Poisson Regression in statsmodels and R

Given the some randomly generated data with
2 columns,
50 rows and
integer range between 0-100
With R, the poisson glm and diagnostics plot can be achieved as such:
> col=2
> row=50
> range=0:100
> df <- data.frame(replicate(col,sample(range,row,rep=TRUE)))
> model <- glm(X2 ~ X1, data = df, family = poisson)
> glm.diag.plots(model)
In Python, this would give me the line predictor vs residual plot:
import numpy as np
import pandas as pd
import statsmodels.formula.api
from statsmodels.genmod.families import Poisson
import seaborn as sns
import matplotlib.pyplot as plt
df = pd.DataFrame(np.random.randint(100, size=(50,2)))

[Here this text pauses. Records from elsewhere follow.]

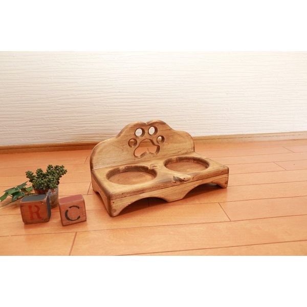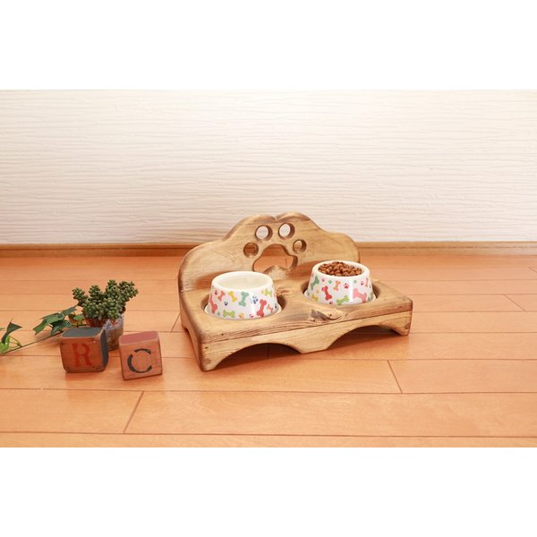 カントリー調でワンちゃんネコちゃんが楽な姿勢で食事が出来るペット用えさ台です。背面の肉球のくり抜きがとっても可愛い食器台です。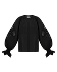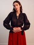 Обʼємні рукави з мʼякими брижами завершуються завʼязками з китиць — ненавʼязливий декоративний елемент, що додає руху й тактильності. Вишиванка легко поєднується з базовими речами та працює як самостійний акцент в образі.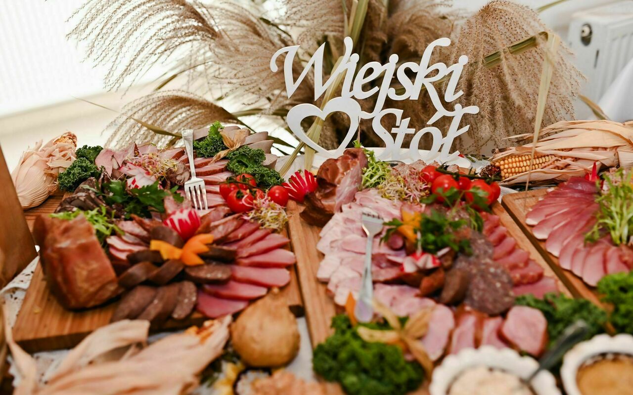 Szynka z własnej wędzarni, kiełbasy wiejskie z własnej wędzarni, karczek zbójnicki z własnej wędzarni, kabanosy z wędzarni, polędwica z wędzarni, krupnioki, pasztet chłopski, twaróg gospodarski, ogórki kiszone, smalec swojski, kosze z pieczywem, chrzan, musztarda. Koszt do 50 osób.

df.rename(columns={0:'X1', 1:'X2'}, inplace=True)
glm = statsmodels.formula.api.gee
model = glm("X2 ~ X1", groups=None, data=df, family=Poisson())
results = model.fit()
And to plot the diagnostics in Python:
model_fitted_y = results.fittedvalues # fitted values (need a constant term for intercept)

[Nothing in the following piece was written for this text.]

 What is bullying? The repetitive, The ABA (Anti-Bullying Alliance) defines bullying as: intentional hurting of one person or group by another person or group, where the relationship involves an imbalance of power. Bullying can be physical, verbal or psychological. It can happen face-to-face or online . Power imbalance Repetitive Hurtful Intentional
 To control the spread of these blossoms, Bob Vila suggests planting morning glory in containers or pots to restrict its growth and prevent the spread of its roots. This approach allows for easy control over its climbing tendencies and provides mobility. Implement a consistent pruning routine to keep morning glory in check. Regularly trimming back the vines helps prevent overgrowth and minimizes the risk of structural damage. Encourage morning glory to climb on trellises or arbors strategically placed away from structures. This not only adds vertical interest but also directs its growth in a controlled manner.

model_residuals = results.resid # model residuals
model_abs_resid = np.abs(model_residuals) # absolute residuals
plot_lm_1 = plt.figure(1)
plot_lm_1.set_figheight(8)
plot_lm_1.set_figwidth(12)
plot_lm_1.axes[0] = sns.residplot(model_fitted_y, 'X2', data=df, lowess=True, scatter_kws={'alpha': 0.5}, line_kws={'color': 'red', 'lw': 1, 'alpha': 0.8})

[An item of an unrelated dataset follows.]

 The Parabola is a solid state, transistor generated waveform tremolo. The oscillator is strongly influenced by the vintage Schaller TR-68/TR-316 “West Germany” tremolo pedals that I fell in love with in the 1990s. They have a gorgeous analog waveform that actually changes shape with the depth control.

plot_lm_1.axes[0].set_xlabel('Line Predictor')
plot_lm_1.axes[0].set_ylabel('Residuals')
plt.show()
But when I try to get the cook statistics,
# cook's distance, from statsmodels internals
model_cooks = results.get_influence().cooks_distance[0]
it threw an error saying:
AttributeError Traceback (most recent call last)
<ipython-input-66-0f2bedfa1741> in <module>()
4 model_residuals = results.resid
5 # normalized residuals
----> 6 model_norm_residuals = results.get_influence().resid_studentized_internal
7 # absolute squared normalized residuals
8 model_norm_residuals_abs_sqrt = np.sqrt(np.abs(model_norm_residuals))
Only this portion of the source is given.